A história de uma grande mulher sozinha contra a ditadura brasileira foi um dos destaques do Festival de Cinema de Veneza 2024.
“Ainda estou aqui”de Walter Salles, traz Fernanda Torres no papel de Eunice Paiva, mãe de cinco filhos e cuja vida foi virada do avesso após o sequestro, prisão e desaparecimento de seu marido, o ex-deputado Rubens Paiva, vítima do regime militar e interpretado por Selton Mello.
Depois de algum tempo, ela e a filha mais velha também são detidas, torturadas e colocadas na prisão durante cinco longos dias. Uma vez libertada, a mulher é obrigada a se reinventar sem dinheiro e com as contas do marido bloqueadas. Então decide começar tudo de novo mudando-se para São Paulo, onde volta a lecionar.

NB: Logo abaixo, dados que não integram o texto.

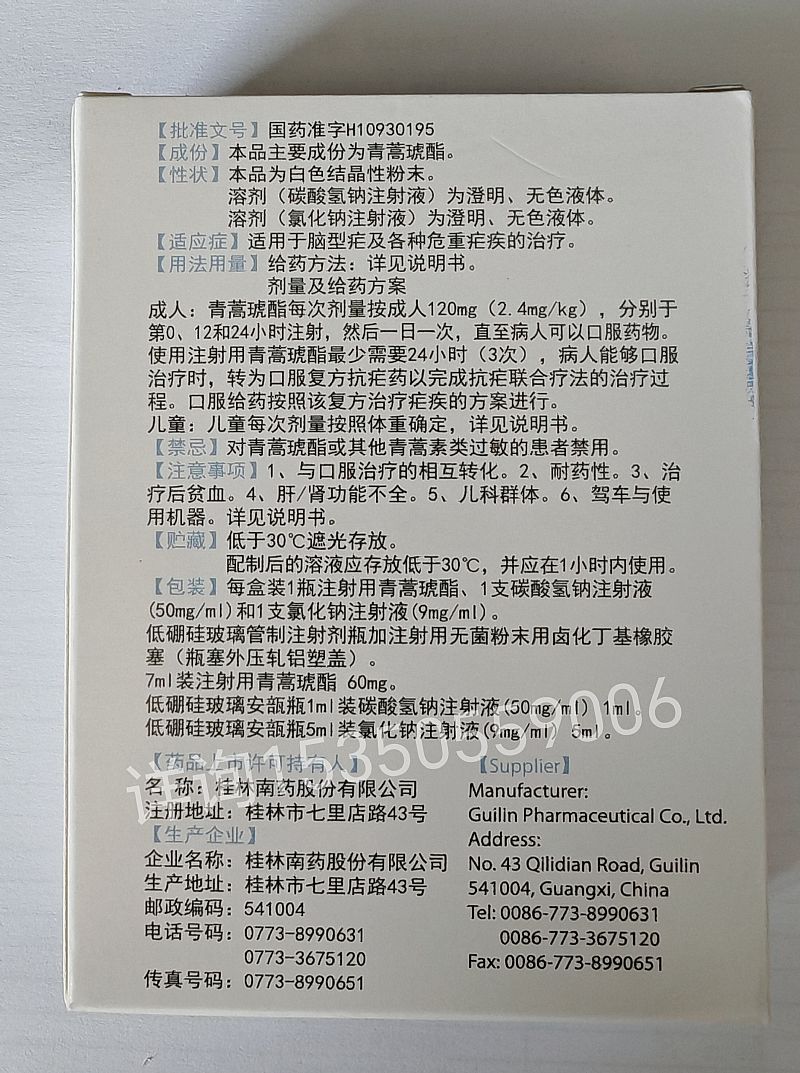 | 注意事項 | 1、本品溶解后應(yīng)及時注射,如出現(xiàn)混濁不可使用; 2、極度嚴(yán)重患者,首次劑量可加倍; 3、瘧狀控制后,宜再用其他抗瘧藥根治; 4、靜脈注射速度不宜太快,每分鐘3~4mL。 |
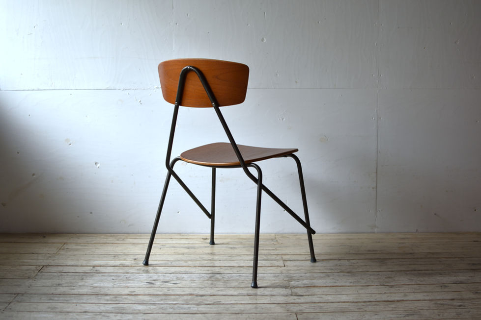 スタンダードなデザインですが前脚と後ろ脚を繋ぐ貫を斜めに走らせた意匠がなかなかユニークです。よく見るとこの貫は背凭れからくの字に曲がってそのまま連なっており、背凭れの収まりと椅子の強度を同時に叶えるデザインとして機能しています。
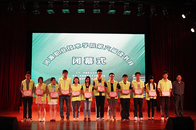 5月27日晚,我校在艺术楼演播厅举行第六届读书月闭幕式,党委副书记韦荣、图书馆馆长赖新优、各协会代表及图书馆全体人员出席了闭幕式。
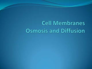 The document discusses cell membranes and the methods of transport across membranes. It covers four main methods:
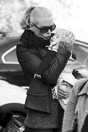 圖文:妮可抱愛女亮相 不時努嘴逗女兒
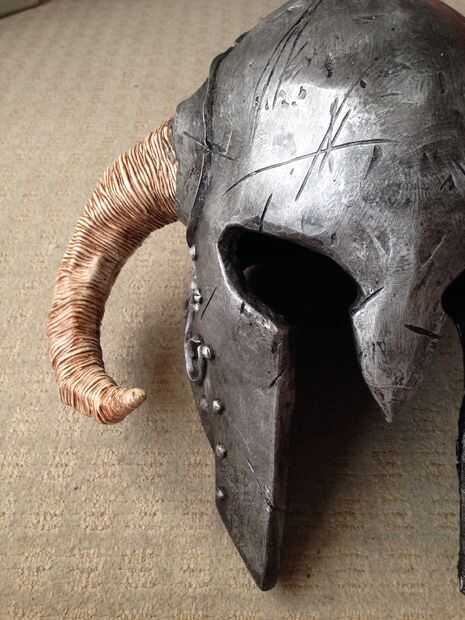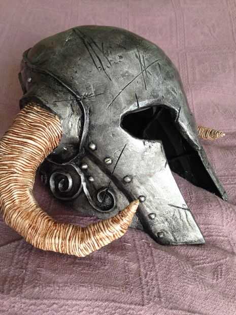 Luego claro capa exterior con unas cuantas capas de barniz de spray mate o satinado, y eso es todo! Listo y un orgulloso propietario de su casco propio skyrim nórdico!
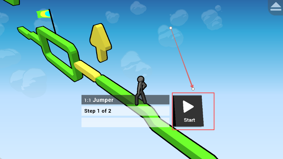 1、点击开始按钮进入游戏,这是开启跑酷之旅的第一步,需要熟悉界面布局和基本操作方式,为后续的高空挑战做好充分准备和练习。
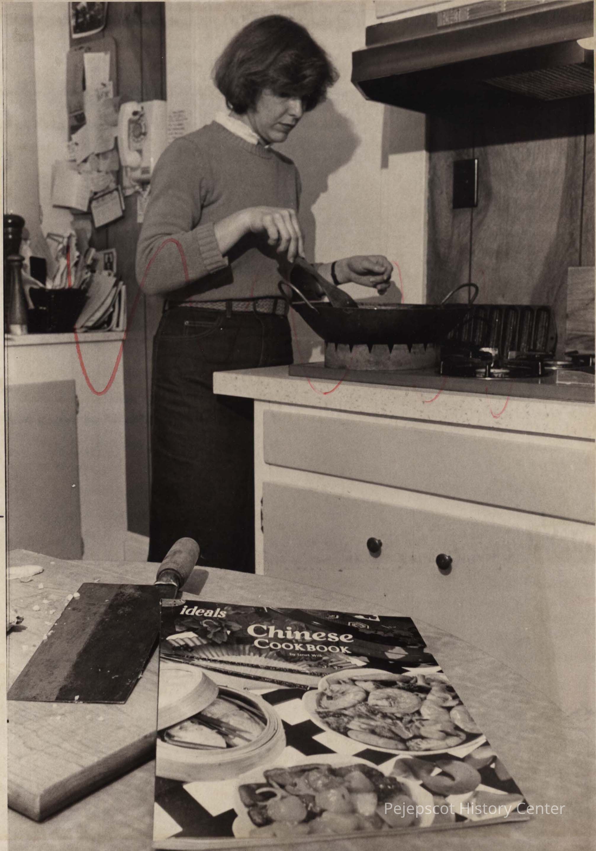 A B/W photographic view of Jan Wilk and her book, "Chinese Cookbook". This photo was published 6/1/1981.

O filme, baseado no livro homônimo do jornalista Marcelo Rubens Paiva, filho de Eunice, repousa quase inteiramente sobre as costas de Fernanda Torres, desde já candidata a melhor atriz no Festival de Veneza e que está sempre em primeiro plano, capaz de transmitir bem a angústia claustrofóbica e desesperada enfrentada por Eunice.
“Quando li pela primeira vez o livro de Marcelo Rubens Paiva, fiquei profundamente emocionado. Pela primeira vez, a história dos desaparecidos era contada a partir da perspectiva de quem ficou”, disse Salles em Veneza.
“Na experiência de uma mulher, Eunice Paiva, havia tanto a história de como vivenciar uma perda quanto o sinal da ferida deixada em uma nação”, acrescentou o cineasta, amigo da família desde criança.
“Nos sete anos em que trabalhamos em ‘Ainda estou aqui’, a vida no Brasil chegou perigosamente perto da distopia da década de 1970, o que tornou ainda mais urgente contar essa história”, afirmou Salles.
Marcelo Rubens Paiva, por sua vez, traçou um paralelo com as “muitas famílias que sofrem em Israel e Gaza”. “Frequentemente são as próprias mulheres que dirigem essas famílias”, salientou o escritor, que também tem cidadania italiana.
“Quando escrevi o primeiro livro sobre minha família, chorei muito, mas depois isso nunca mais aconteceu, a não ser quando fui ao set do filme e encontrei aquela casa, idêntica à minha, mas sem móveis, assim como quando fugimos para São Paulo”, disse.
“Ainda estou aqui” participa do concurso principal no Festival de Veneza, que termina no próximo domingo (8).